RECORDED INFORMATION -
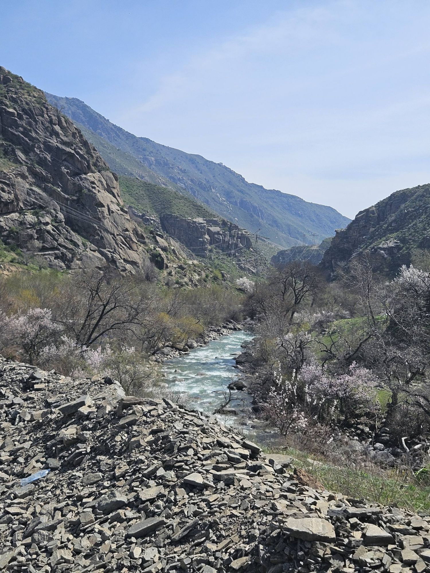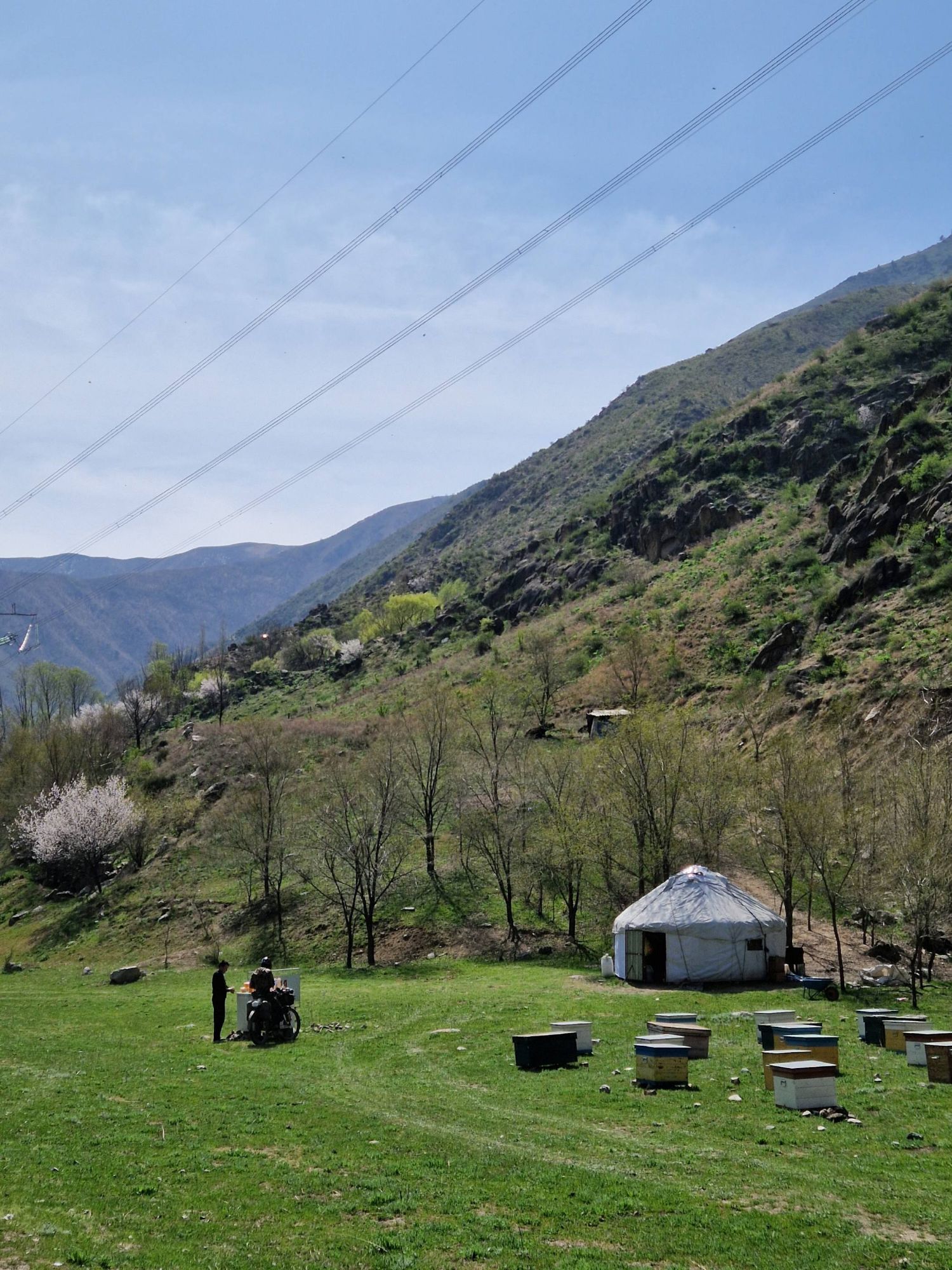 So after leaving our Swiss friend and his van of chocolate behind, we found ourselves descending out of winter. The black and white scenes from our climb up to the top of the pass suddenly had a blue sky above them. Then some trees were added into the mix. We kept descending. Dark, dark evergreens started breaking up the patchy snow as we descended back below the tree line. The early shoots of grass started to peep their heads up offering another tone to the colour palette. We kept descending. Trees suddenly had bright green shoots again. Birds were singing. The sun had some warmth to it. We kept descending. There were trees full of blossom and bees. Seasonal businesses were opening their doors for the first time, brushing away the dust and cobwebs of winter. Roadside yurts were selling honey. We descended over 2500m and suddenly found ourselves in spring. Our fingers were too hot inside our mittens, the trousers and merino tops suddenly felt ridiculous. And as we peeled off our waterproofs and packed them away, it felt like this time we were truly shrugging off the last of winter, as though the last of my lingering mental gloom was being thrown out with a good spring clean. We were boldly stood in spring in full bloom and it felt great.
* * *
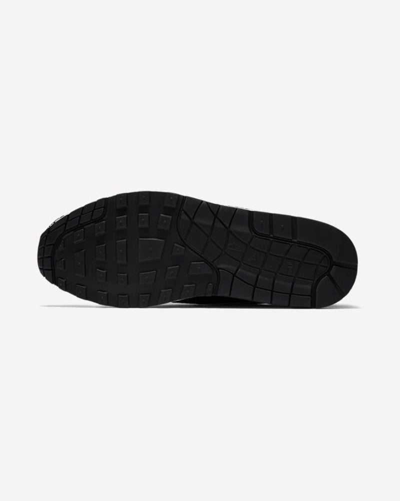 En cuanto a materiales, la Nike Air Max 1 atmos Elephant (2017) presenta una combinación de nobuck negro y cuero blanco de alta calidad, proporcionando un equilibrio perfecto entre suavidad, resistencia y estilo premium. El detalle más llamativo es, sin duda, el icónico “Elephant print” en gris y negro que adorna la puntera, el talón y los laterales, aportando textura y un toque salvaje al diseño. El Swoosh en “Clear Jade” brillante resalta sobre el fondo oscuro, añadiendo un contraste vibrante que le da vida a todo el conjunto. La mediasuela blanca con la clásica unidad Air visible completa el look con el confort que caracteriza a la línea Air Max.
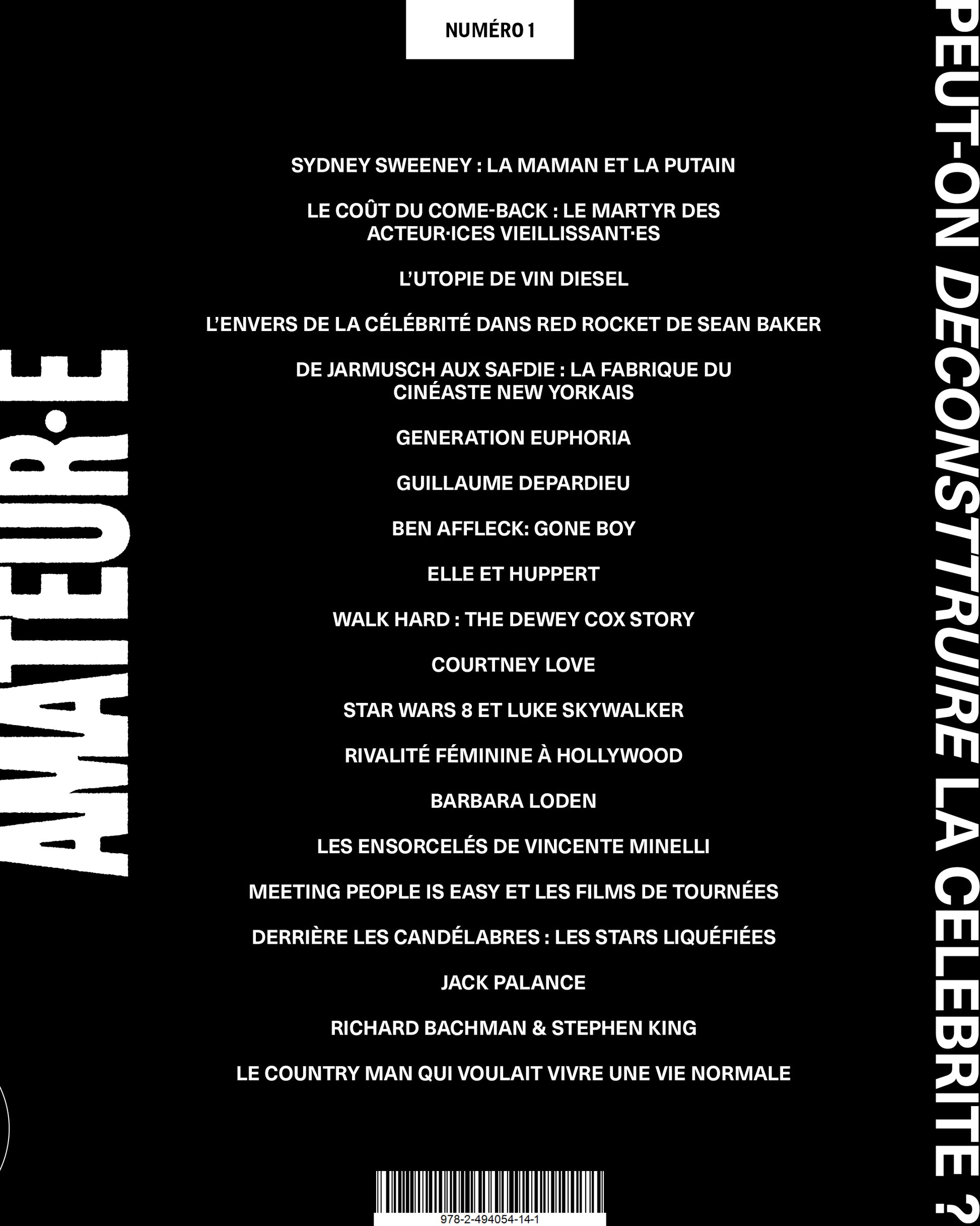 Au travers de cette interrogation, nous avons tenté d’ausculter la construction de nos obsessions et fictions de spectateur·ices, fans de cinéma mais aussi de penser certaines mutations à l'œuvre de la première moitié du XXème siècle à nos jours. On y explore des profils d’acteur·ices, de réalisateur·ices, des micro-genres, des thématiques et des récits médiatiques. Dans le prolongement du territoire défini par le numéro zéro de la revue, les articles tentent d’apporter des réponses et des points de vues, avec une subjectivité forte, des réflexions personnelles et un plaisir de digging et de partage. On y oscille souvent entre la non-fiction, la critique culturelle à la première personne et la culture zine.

EXERCISE OBJECTIVE - Copy out the lines above from the line containing "En cuanto a" through the line containing "Au travers de", exactly, and keep the pictures out.

RESPONSE -
 En cuanto a materiales, la Nike Air Max 1 atmos Elephant (2017) presenta una combinación de nobuck negro y cuero blanco de alta calidad, proporcionando un equilibrio perfecto entre suavidad, resistencia y estilo premium. El detalle más llamativo es, sin duda, el icónico “Elephant print” en gris y negro que adorna la puntera, el talón y los laterales, aportando textura y un toque salvaje al diseño. El Swoosh en “Clear Jade” brillante resalta sobre el fondo oscuro, añadiendo un contraste vibrante que le da vida a todo el conjunto. La mediasuela blanca con la clásica unidad Air visible completa el look con el confort que caracteriza a la línea Air Max.
 Au travers de cette interrogation, nous avons tenté d’ausculter la construction de nos obsessions et fictions de spectateur·ices, fans de cinéma mais aussi de penser certaines mutations à l'œuvre de la première moitié du XXème siècle à nos jours. On y explore des profils d’acteur·ices, de réalisateur·ices, des micro-genres, des thématiques et des récits médiatiques. Dans le prolongement du territoire défini par le numéro zéro de la revue, les articles tentent d’apporter des réponses et des points de vues, avec une subjectivité forte, des réflexions personnelles et un plaisir de digging et de partage. On y oscille souvent entre la non-fiction, la critique culturelle à la première personne et la culture zine.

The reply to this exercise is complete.